All chickens will give gelatine when boiled.  The gelatine is a cousin to protien and is called collagen.  It's also hte ingredient that reacts with water to make jello.  It is obtained by boiling the bones and joints of an animal, be it chicken, pork, beef, or whatever.  *** the cartilage dissolves, and the nutrients are extracted from the bone marrow, they dissolve in the liquid.  When that liquid is cooled, the collagen solidifies into gelatine.  From my last turkey carcass, the gelatine was so firm, you'd have thought I'd added a comercial gelatine, like Knox.  To get more of this nutritious jelly into your stock/broth, crack the bones and boil with something slightly acidic, like celery.

As for chicken quality, free-range chickens will always have more flavor than will the birds cooped up for life.  The food that's eaten plays a part in the flavor.  Birds left to run around in the pasture have a more varied diet, including grains, insects, mice, etc.  Also, as the birds exercise, they pump more blood through the muscles which makes them more flavorful, but less tender.

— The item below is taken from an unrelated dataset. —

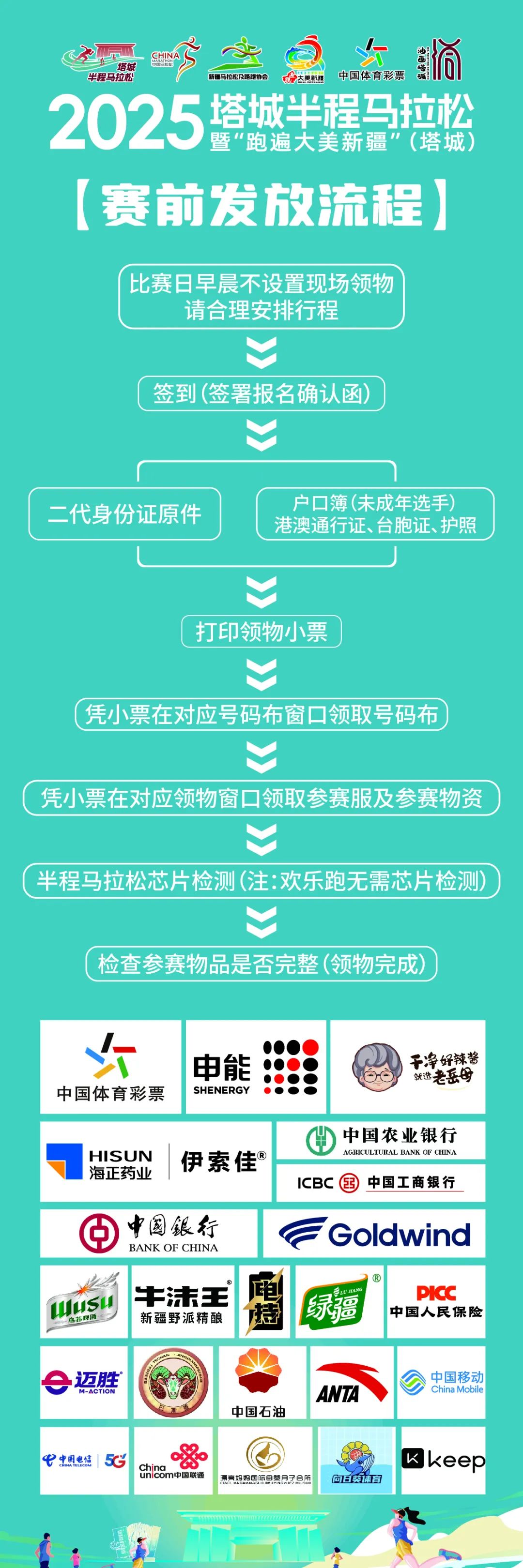 第四步:清点参赛包物品及其他个人物品,确认无误后离开领物现场,可前往参加2025塔城半程马拉松暨“跑遍大美新疆”(塔城)博览会。

If you have any freinds who raise their own chickens, free range style, offer to do some work for them in exchange for a few chickens every now and again.  Or ask if they are willing to sell butchered birds.  Also, ask your local butcher if he has access to high-quality local product.  If so, ask what brand it is, or how to get it.  Look in your yellow pages and see if there are any local farmer's markets that sell poultry.

One last thing, I use the kind of meat thermometer that stays in the meat or poultry as it cooks.  This keeps the skin intact so that the juices stay in the bird.  Poke it with an instant-reat thermometer and watch the juices ooze out onto the plate.

Hope that helps.

Seeeeeya; Goodweed of the North


----------



## In the Kitchen (Dec 1, 2005)

*Experience*

Can't beat experience!  I thank you all for the comments regarding these thermometers.  I know I can't recall my mother having one.  She just 'tested' it the way you suggested.  To be sure, I am going to invest in my own thermometer.  Just seeing that pink joint with the blood made me lose my appetite.  Of course, I did cook it in the gravey I fixed but then I never saw the pink meat either.  Next time I will surely know better and just ignore any thermometer they have already inserted in anything.  Imagine how many new cooks feel they are safe when they serve it?  Just as long as I am not the one they are serving it to.  Have you ever visited someone and were afraid to tell them it wasn't done?  I did.  After I took the first bite I knew but didn't eat anymore.  I filled up on bread and butter.


----------